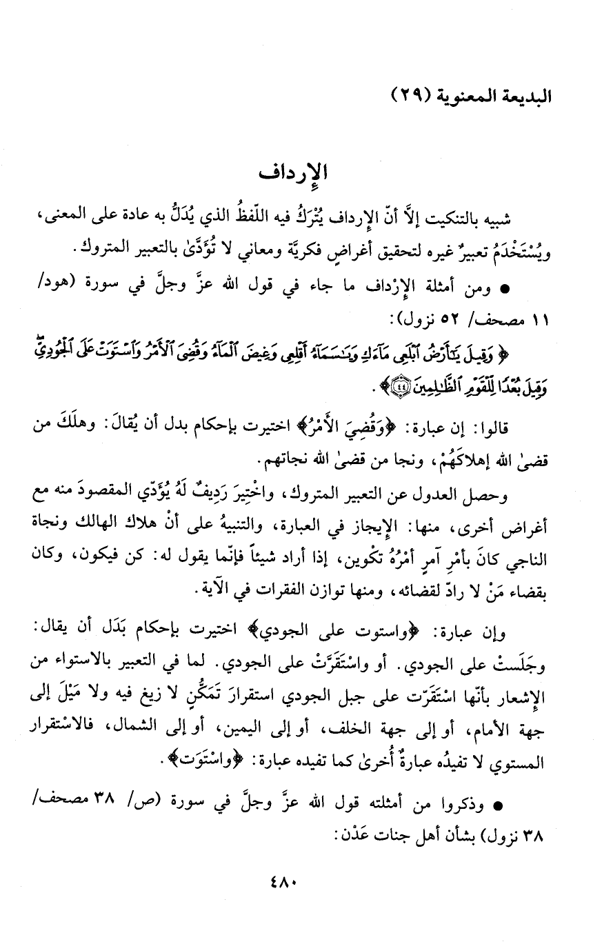 * ومن أمثلة الإِرْداف ما جاء في قول الله عزَّ وجلَّ في سورة (هود/ 11 مصحف/ 52 نزول) :
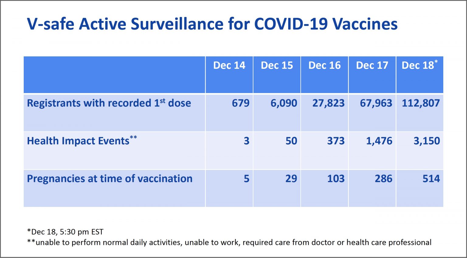 Le 18 décembre, 112 807 personnes ont reçu une injection du vaccin Pfizer/BioNTech aux États-Unis. Parmi elles, 3 150 ont été par la suite incapables d'effectuer leurs activités quotidiennes normales, incapables de travailler, nécessitant les soins d'un médecin ou d'un professionnel de santé. Il s'agit d'un taux d'événements indésirables de 2,8%.
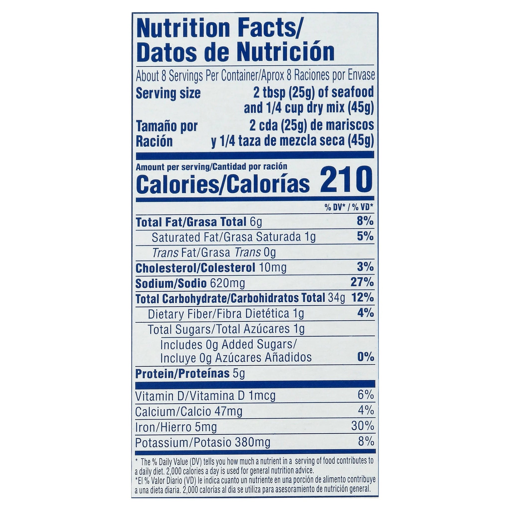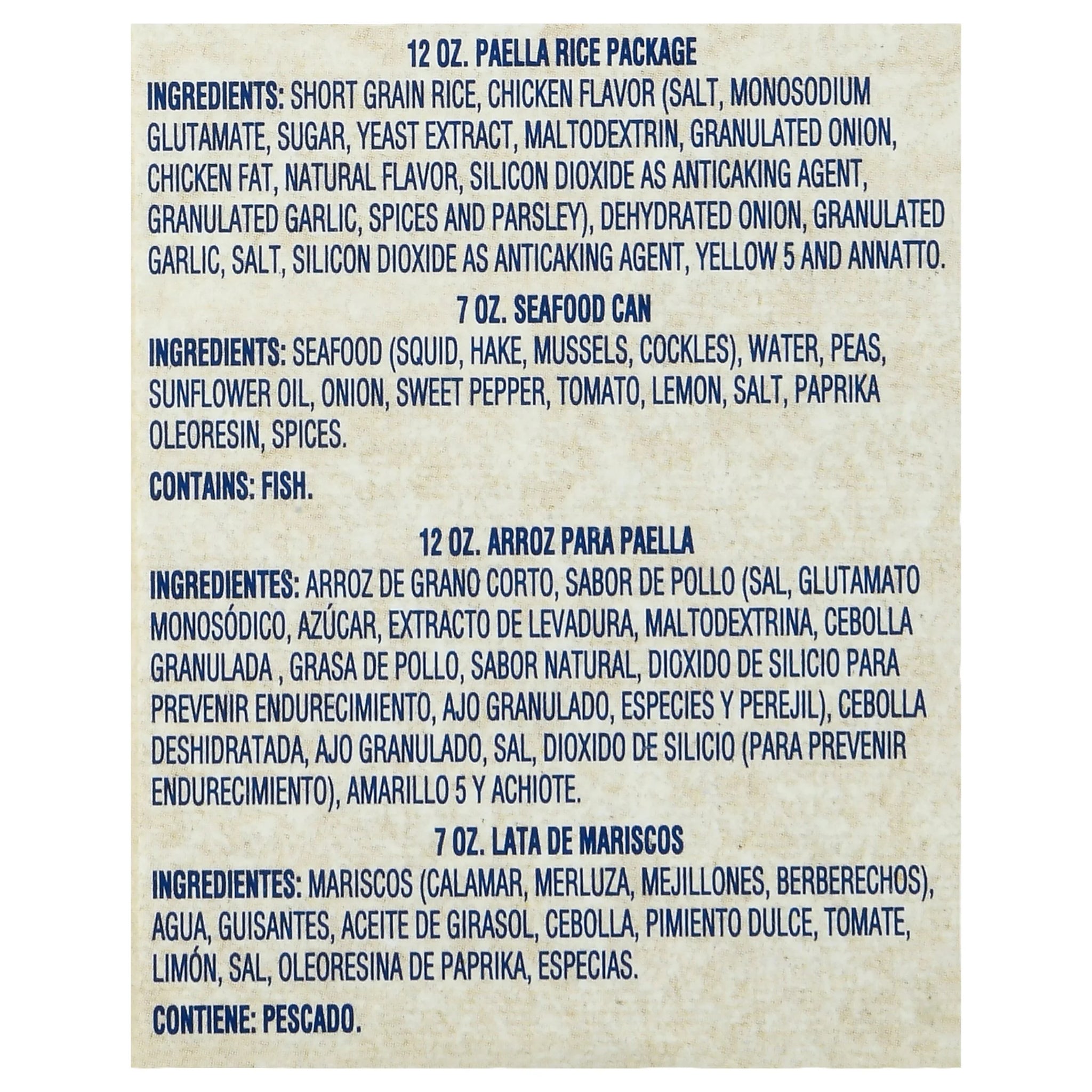 Paella Rice Package Ingredients: Short Grain Rice, Chicken Flavor (Salt, Monosodium Glutamate, Sugar, Yeast Extract, Maltodextrin, Granulated Onion, Chicken Fat, Natural Flavor, Silicon Dioxide as Anticaking Agent, Granulated Garlic, Spices and Parsley), Dehydrated Onion, Granulated Garlic, Salt, Silicon Dioxide as Anticaking Agent, Yellow 5 and Annatto. Seafood Can Ingredients: Seafood (Squid, Hake, Mussels, Cockles), Water, Peas, Sunflower Oil, Onion, Sweet Pepper, Tomato, Lemon, Salt, Paprika, Oleoresin, Spices./div>
______
■ Task statement: Retype the data above exactly, dropping every picture.

■ Exercise answer:
 * ومن أمثلة الإِرْداف ما جاء في قول الله عزَّ وجلَّ في سورة (هود/ 11 مصحف/ 52 نزول) :
 Le 18 décembre, 112 807 personnes ont reçu une injection du vaccin Pfizer/BioNTech aux États-Unis. Parmi elles, 3 150 ont été par la suite incapables d'effectuer leurs activités quotidiennes normales, incapables de travailler, nécessitant les soins d'un médecin ou d'un professionnel de santé. Il s'agit d'un taux d'événements indésirables de 2,8%.
 Paella Rice Package Ingredients: Short Grain Rice, Chicken Flavor (Salt, Monosodium Glutamate, Sugar, Yeast Extract, Maltodextrin, Granulated Onion, Chicken Fat, Natural Flavor, Silicon Dioxide as Anticaking Agent, Granulated Garlic, Spices and Parsley), Dehydrated Onion, Granulated Garlic, Salt, Silicon Dioxide as Anticaking Agent, Yellow 5 and Annatto. Seafood Can Ingredients: Seafood (Squid, Hake, Mussels, Cockles), Water, Peas, Sunflower Oil, Onion, Sweet Pepper, Tomato, Lemon, Salt, Paprika, Oleoresin, Spices./div>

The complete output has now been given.